Benedetto XVI, con riferimento ai processi dell’amore, ha sottolineato la compresenza di eros e agape, attrazione umana e amore donativo che impedisce di spaccare sentenze e che spinge coloro che si amano a non restare inebriati e ingabbiati dalla libido. Impedisce altresì a coloro che hanno scelto la verginità del corpo di considerarsi immuni dai moti dell’attrazione affettiva-erotica (la ‘neutralità’ spesso nasconde tumulti soffocati, sempre a rischio di esplodere) facendo l’abitudine a stringere tante mani senza sapere cosa realmente significa stringerne una. «Tra l’amore e il Divino – ha scritto – esiste una qualche relazione: l’amore promette infinità, eternità, una realtà più grande e totalmente altra rispetto alla quotidianità del nostro esistere. Ma al contempo è apparso che la via per tale traguardo non sta semplicemente nel lasciarsi sopraffare dall’istinto. Sono necessarie purificazioni e maturazioni […] non sono né lo spirito né il corpo da soli ad amare: è l’uomo, la persona […]. Solo in questo modo l’amore – l’eros – può maturare fino alla sua vera grandezza… Adesso l’amore diventa cura dell’altro e per l’altro. Non cerca più se stesso, l’immersione nell’ebbrezza della felicità; cerca invece il bene dell’amato: diventa rinuncia, è pronto al sacrificio, anzi lo cerca»1.
Questo bel passo di Benedetto XVI riconosce umilmente la necessità di sottoporre i moti del cuore ad un processo di apprendimento delle buone relazioni affettive che non disdegna l’eros corporeo ma che al contempo apprende tacitamente a non fermarsi ai corpi, a non idolatrare la persona amata e non trascurarla, a stimarla e rispettarne il pudore, ad esercitarsi nel donarle gioia, ad assumere la responsabilità della cura del suo corpo come fosse il proprio: tutti aspetti di una ecologia dei rapporti interpersonali.

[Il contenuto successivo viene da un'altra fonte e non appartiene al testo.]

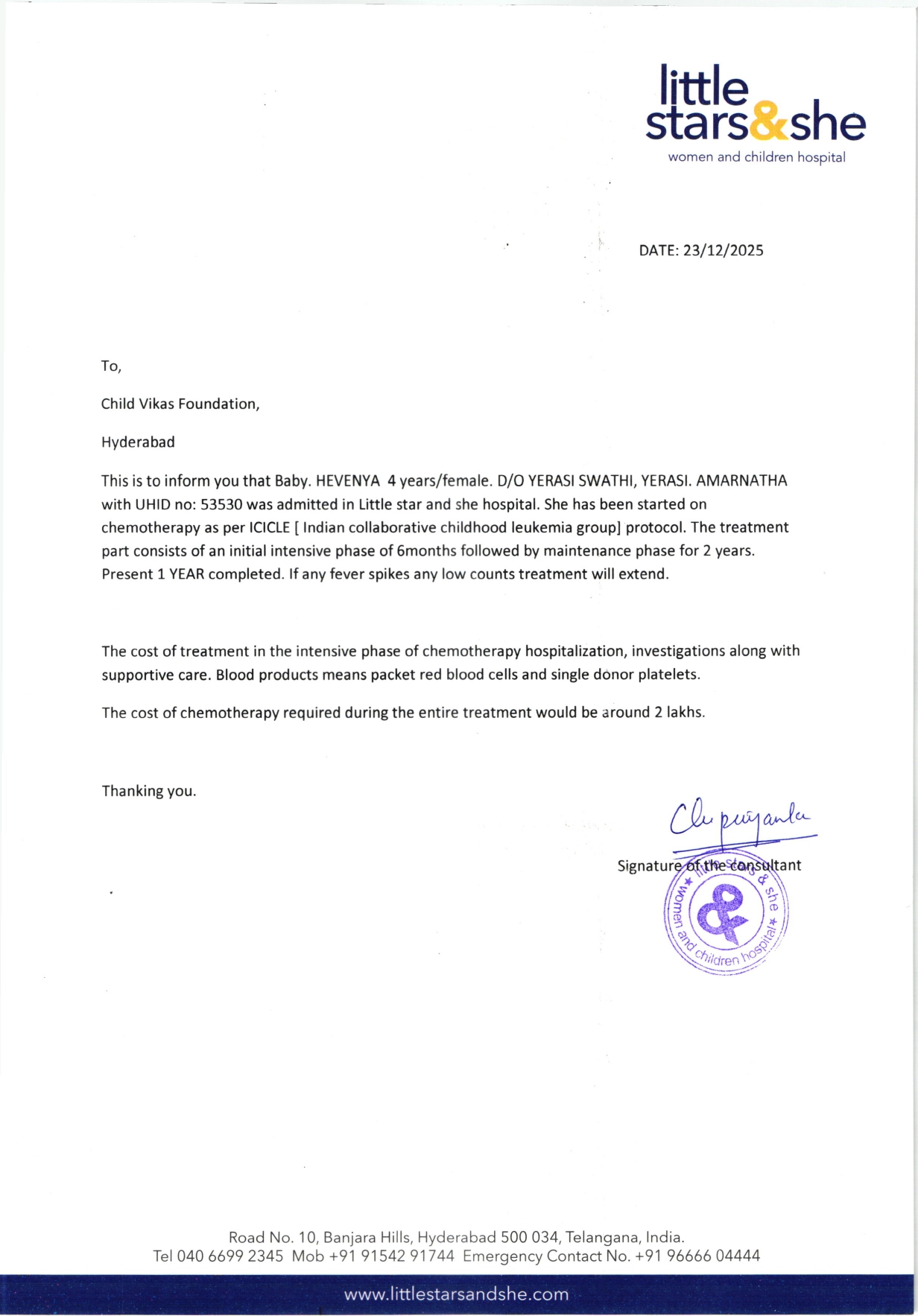 Hevenya was admitted to Little Star and She Hospital and has been undergoing chemotherapy under the ICICLE (Indian Collaborative Childhood Leukaemia Group) protocol. She has successfully completed the first year of her treatment plan.
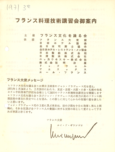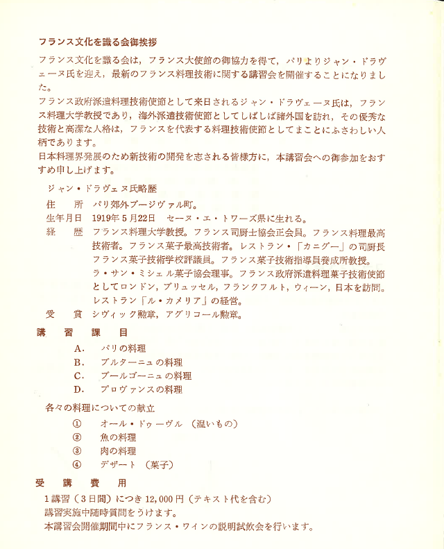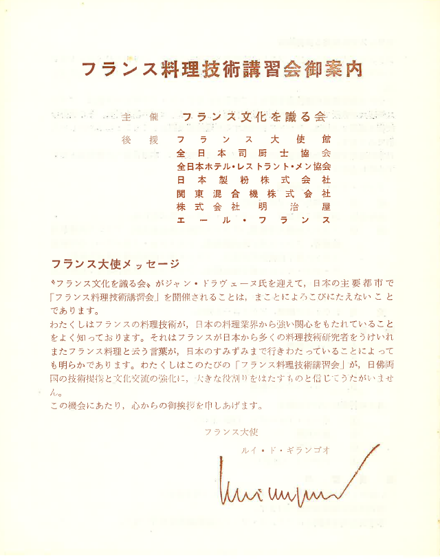 日本のプロのフランス料理キュジニエの皆様のために、日本で初めてフランスからフランス人シェフを招聘して講習会を開催したのは1969年。日本のフランス料理業界が大きく花開きかける直前でした。
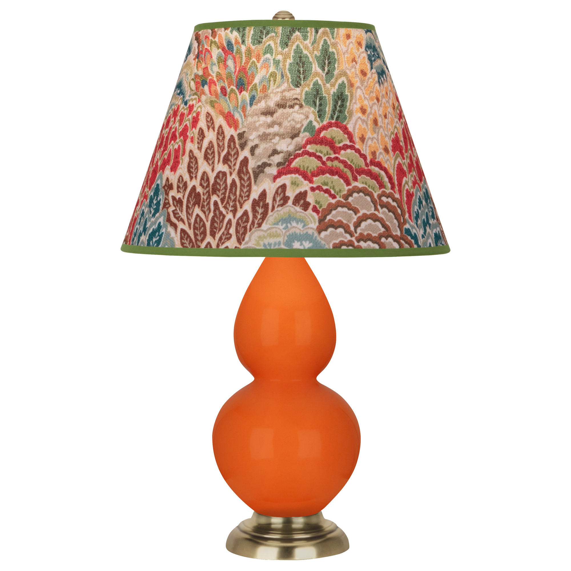 Pumpkin Glazed Ceramic With Antique Natural Brass Finished Accents Small Double Gourd Accent Lamp With Fall Floral Fabric Shade - Our Double Gourd collection features a simple but gracefully curving silhouette. Available in a wide array of vibrant colors and several different base finishes.

Il più delle volte s’impara non tanto dalle regole della morale, ma dall’esperienza e dalle testimonianze di persone credibili, le quali anche senza parlare educano a volere il bene dell’atro oltre che il proprio, ad essere prudenti, a tenere conto che l’amore è sempre a rischio di spegnersi se pospone l’altro all’io, se non viene alimentato, se punta ad una fusione che annulla la distanza. Scrive Simone Weil: «In un’amicizia perfetta… I due amici accettano pienamente di essere due creature distinte. È solo con Dio che l’uomo ha il diritto di desiderare di essere direttamente unito»2.